# [Task objective]
Pictures excluded, output the lines of the data below between the one holding "Overall, 469 individuals" and the one holding "最让我惊喜的是后备箱里的提车", inclusive, exactly as they stand.

# [Records for this exercise]

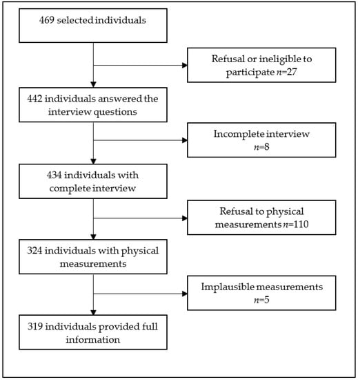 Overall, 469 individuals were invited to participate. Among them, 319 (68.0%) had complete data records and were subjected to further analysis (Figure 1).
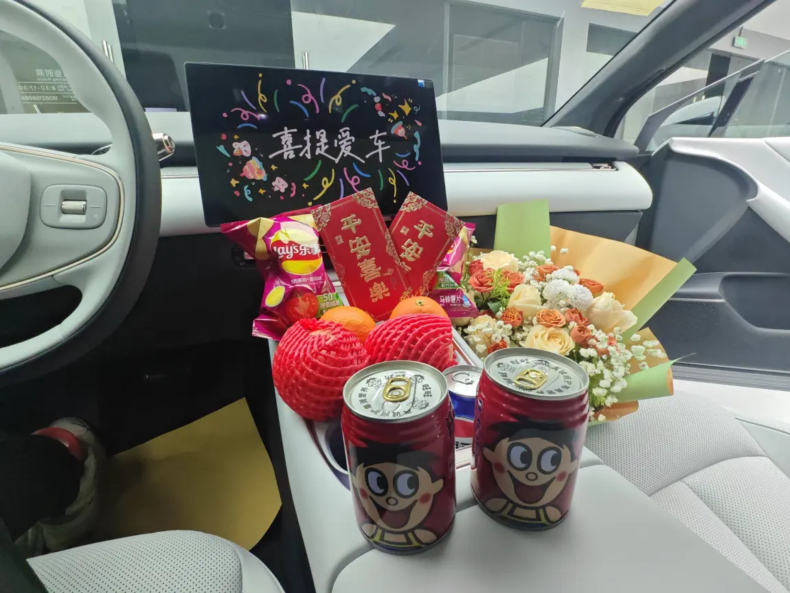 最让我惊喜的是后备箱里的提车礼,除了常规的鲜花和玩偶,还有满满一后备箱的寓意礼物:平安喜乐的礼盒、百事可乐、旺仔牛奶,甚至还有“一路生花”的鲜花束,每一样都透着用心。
==
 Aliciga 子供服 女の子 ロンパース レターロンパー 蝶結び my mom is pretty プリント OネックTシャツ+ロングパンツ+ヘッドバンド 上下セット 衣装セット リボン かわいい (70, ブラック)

# [Reply]
 Overall, 469 individuals were invited to participate. Among them, 319 (68.0%) had complete data records and were subjected to further analysis (Figure 1).
 最让我惊喜的是后备箱里的提车礼,除了常规的鲜花和玩偶,还有满满一后备箱的寓意礼物:平安喜乐的礼盒、百事可乐、旺仔牛奶,甚至还有“一路生花”的鲜花束,每一样都透着用心。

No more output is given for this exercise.